The Third Rail

Bill Parrott |

The Social Security Administration recently announced they’ll dip into their reserves to make ends meet because costs are exceeding income. The last time this happened was in 1982.  According to a Wall Street Journal article this is three years sooner than expected.[1] The article also mentions the trust fund will be depleted in 2034 and Medicare’s hospital insurance fund will run dry in 2026.[2] The reasons highlighted for this shortfall are the aging population and a lack of revenue from the labor force.[3] The trustees are forecasting a reduction in benefits by 25% if the trust fund assets are depleted.[4]

Social Security and Medicare are entitlements long considered untouchable as politicians don’t want to carve into these programs, but something needs to be done. In my opinion, the trustees could incorporate a few strategies to preserve the assets, none of them good. They could apply means testing to your benefit so if you’ve been blessed with the ability to earn income and save money, then the government could reduce your benefit and give the surplus to your neighbors who’ve spent lavishly for years. The current age range for receiving benefits falls between the ages of 62 and 70. This range can be increased to the ages of 65 to 75, for example. Last, the government will need to raise taxes to pay for future benefits.

As I mentioned, these options aren’t good so what can you do today to protect yourself from a reduction in benefits? 

1.       Plan. A financial plan will quantify your hopes, dreams and fears and give you an estimate of your future spending and retirement assets with or without Social Security. I’ve completed several plans for millennials and a few of them have requested to run their retirement projections without Social Security because they don’t have faith in our government to provide this benefit.

2.       Save more money. The more money you save today means more money in your pocket tomorrow. If you have access to a company retirement plan, maximize your contributions.  You can contribute $18,500 if you’re under age 50, $24,500 if you’re older. You can also contribute to an IRA, regardless of your income. The maximum contribution is $5,500 for individuals under the age of 50, $6,500 if you’re older. In addition, depositing money into a brokerage account is recommended. If you can save an additional $500 per month, it may be worth more than $600,000 at the end of 30 years.[5]

3.       Invest in stocks. The long-term trend of the stock market will allow you to increase your wealth and potentially offset the short fall from Social Security. According to Dimensional Fund Advisors, $1 invested in the S&P 500 grew to $7,347 from 1926 to 2017. By comparison, $1 invested in long-term government bonds grew to $143.[6]

4.       Invest in small stocks. Small-cap stocks have outperformed large company stocks by a wide margin. $1 invested in small stocks in 1928 is now worth $30,560.[7]

5.       Reduce your expenses. Are there items in your budget you can reduce or eliminate? Can you reduce your spending and increase your savings? The lower your expenses, the less assets you’ll need at retirement. Let’s say your annual expenses are $100,000.  At $100,000, you’ll need assets of $2.5 million to cover your cost of living. If you can reduce your expenses to $75,000, then the asset level drops to $1.875 million, a difference of $625,000.   

Social Security has been a third rail for decades and this time is no different. Our government has kicked this can down the road for generations, so our children will inherit this problem.

Take control of your financial future so you can enjoy your retirement. It’s imperative that you start saving and planning today, so you don’t let the government dictate your retirement lifestyle – you’re entitled to it!

The most terrifying words in the English language are: I'm from the government and I'm here to help. ~ Ronald Reagan

June 6, 2018

Bill Parrott is the President and CEO of Parrott Wealth Management firm located in Austin, Texas. Parrott Wealth Management is a fee-only, fiduciary, registered investment advisor firm. Our goal is to remove complexity, confusion, and worry from the investment and financial planning process.

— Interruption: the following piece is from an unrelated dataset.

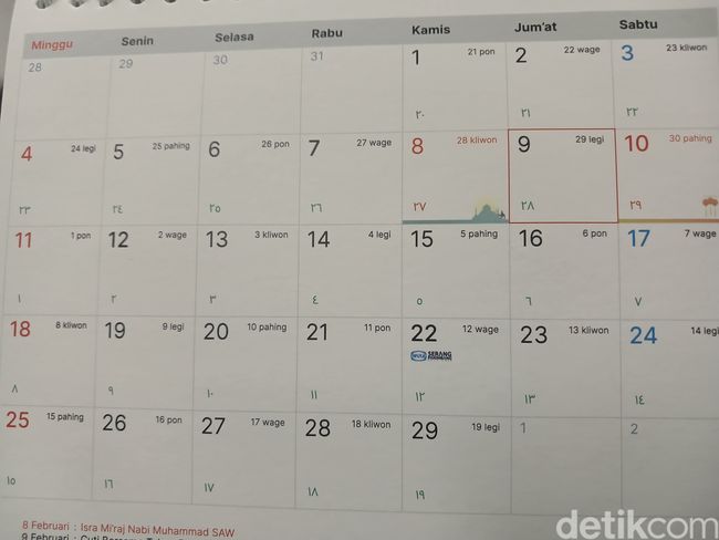 - 8 Februari (Kamis): Isra Mi'raj Nabi Muhammad SAW

Note: Investments are not guaranteed and do involve risk. Your returns may differ than those posted in this blog.

[1] https://www.wsj.com/articles/social-security-expected-to-dip-into-its-re..., by David Harrison, June 5, 2018

[2] Ibid

[3] Ibid

[4] https://www.wsj.com/articles/social-security-and-medicare-face-depletion..., by Josh Zumbrun, July 13, 2017

[5] FV calculation: $500 per month for 30 years at 7%.